7 Ways to Compete in a Sellers Market

Buying a home is a team sport, and that’s especially true when buyers are facing the kinds of affordability challenges they are now. Volatile interest rates and tough competition for a limited supply of homes are posing unique issues for home shoppers. If you've been writing offer after offer — even competitive offers over asking price — and still not getting anywhere, then it could be time to change tactics.

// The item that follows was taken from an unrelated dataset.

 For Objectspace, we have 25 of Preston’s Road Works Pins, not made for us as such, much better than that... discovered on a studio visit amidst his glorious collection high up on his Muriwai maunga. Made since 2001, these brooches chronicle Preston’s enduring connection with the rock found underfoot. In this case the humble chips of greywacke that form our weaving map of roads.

Strategies tied to mortgage products and seller incentives can help buyers, even in situations involving cash buyers or shoppers offering above list price. These tactics won’t apply to every situation, but they offer buyers an idea about the kinds of adjustments to their offers or financing that can make the difference between getting the keys or attending yet another open house. It is important to note that every real estate market and buyer/seller transaction is unique and results may vary.

1. Offer a partial appraisal waiver
An appraisal establishes the current value of a home, and is used by lenders to determine how much they’re willing to lend buyers for a given home. Buyers who make an offer on a house usually include an appraisal contingency that lets them cancel the deal without a penalty if the house doesn’t appraise for the agreed-upon price.

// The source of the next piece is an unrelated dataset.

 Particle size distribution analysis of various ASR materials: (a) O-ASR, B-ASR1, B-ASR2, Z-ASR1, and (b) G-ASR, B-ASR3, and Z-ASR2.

Buyers in competitive markets can be tempted to waive appraisals, but doing so could require them to bring more money to the table at closing if there’s a gap between the price they offered on a home and what an expert appraiser thinks it’s worth. This is because a mortgage is tied to what the appraiser determines the home is worth. Anything over that amount is the buyer’s upfront responsibility.

Instead of waiving an appraisal altogether, some clients agree to pay a specified amount over the negotiated sales price if there’s a gap between the asking price and the appraised value. That way, the buyer can still write a competitive offer, but not to the point of putting themselves at risk of having to come to the table with a big check — or losing their earnest money.

2. Show sellers you’re serious with a “time off market” fee
In a market where it's common for buyers to lose a home to a competitor who is offering over asking price, there’s an option that could, in some cases, be just as attractive to sellers and potentially less expensive. It's called a time off market fee.

When buyers make an offer on a home, they typically put up earnest money — a relatively small amount that can be refunded if certain conditions aren’t met.

With a “time off market” fee or TOM, however, the seller keeps the money regardless of whether the deal closes. It’s paid to them for accepting the buyers’ offer. It’s a bold strategy and it works really well. If the buyer doesn’t close, they still have to pay that money.

A TOM fee in place of earnest money, can be more attractive to a seller than an offer over the asking price, especially if the offer would result in an appraisal gap, where the sales price is more than what an appraiser determines a house is worth in the current market.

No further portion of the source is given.